### YOUR ASSIGNMENT
Starting with the line below that holds "Lladrò Scultura in" and stopping after the line that holds "Figure 3 presents", transcribe the lines exactly, leaving out all pictures.

### INPUT DATA
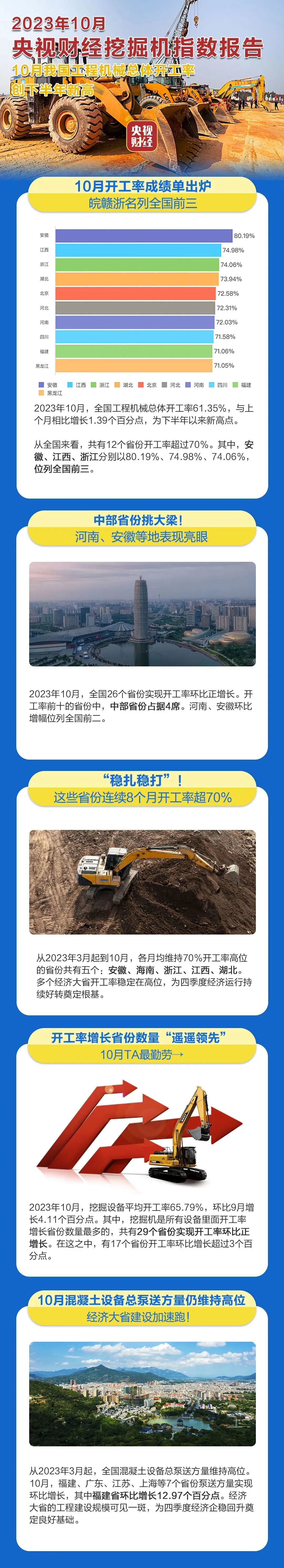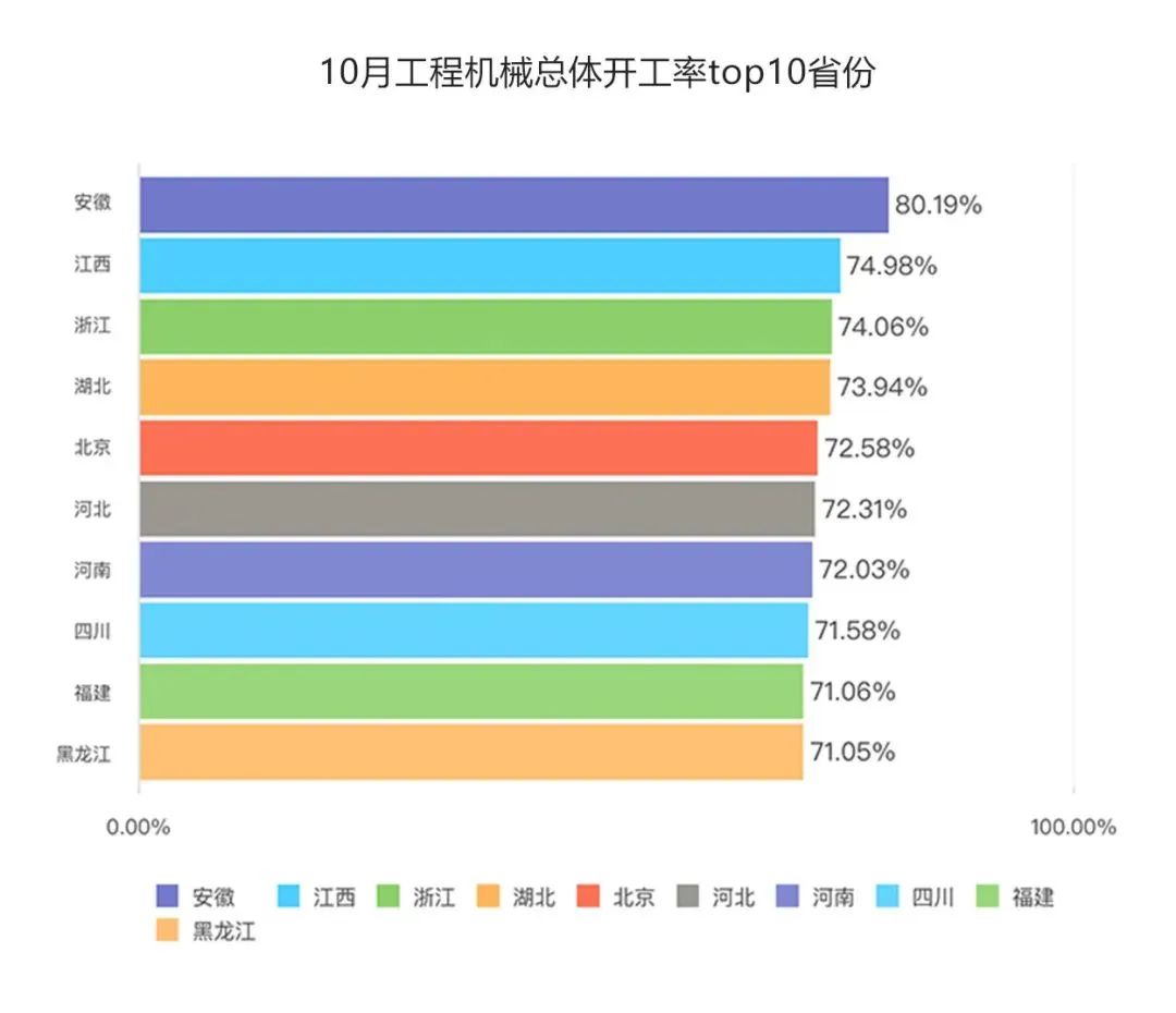 10月开工率成绩单出炉皖赣浙名列全国前三2023年10月,全国工程机械总体开工率61.35%,与上个月相比增长1.39个百分点,为下半年以来新高点。从全国来看,共有12个省份开工率超过70%。其中,安徽、江西、浙江分别以80.19%、74.98%、74.06%,位列全国前三。今年上半年,安徽曾连续5个月开工率全国第一。
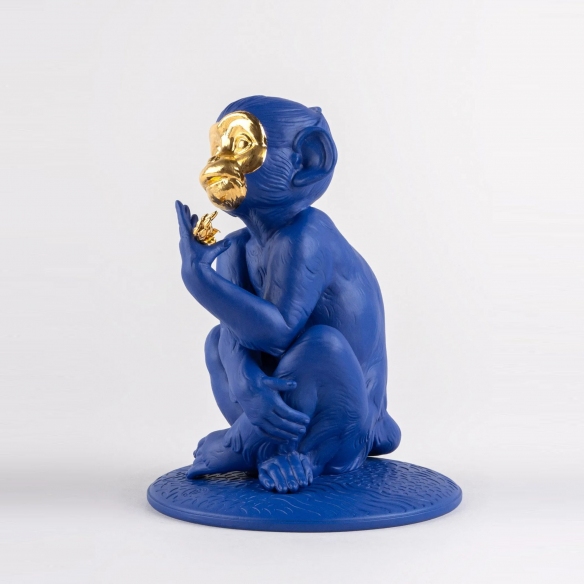 Lladrò Scultura in porcellana Piccola Scimmia Azzurro-Oro
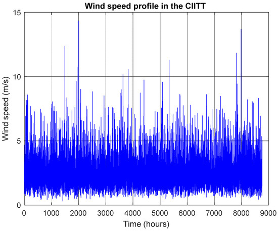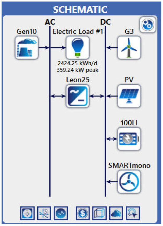 Figure 3 presents a hybrid system comprising renewable energy sources (wind, PV and hydrokinetic) and non-renewable energy sources (a diesel generator). The renewable energy initially contribute 24-volt direct current to the system, and then, through an inverter, the power is distributed to the buildings comprising the CIITT in alternating current. The analysis in this study is isolated; therefore, the sizes of the equipment containing the hybrid system are specified.
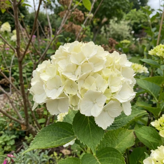 L'Hortensia 'Mme Mouillère' (Hydrangea macrophylla 'Madame Emile Mouillère') est une véritable légende des jardins. Créée en France au début du XXe siècle, cette variété historique est souvent considérée comme l'un des meilleurs hortensias blancs jamais obtenus. De juillet à octobre, il déploie de somptueuses inflorescences globuleuses d'un blanc pur et lumineux, dont les pétales délicatement dentelés peuvent se parer de discrets reflets rosés en fin de saison.

### THE COMPLETED TASK
 Lladrò Scultura in porcellana Piccola Scimmia Azzurro-Oro
 Figure 3 presents a hybrid system comprising renewable energy sources (wind, PV and hydrokinetic) and non-renewable energy sources (a diesel generator). The renewable energy initially contribute 24-volt direct current to the system, and then, through an inverter, the power is distributed to the buildings comprising the CIITT in alternating current. The analysis in this study is isolated; therefore, the sizes of the equipment containing the hybrid system are specified.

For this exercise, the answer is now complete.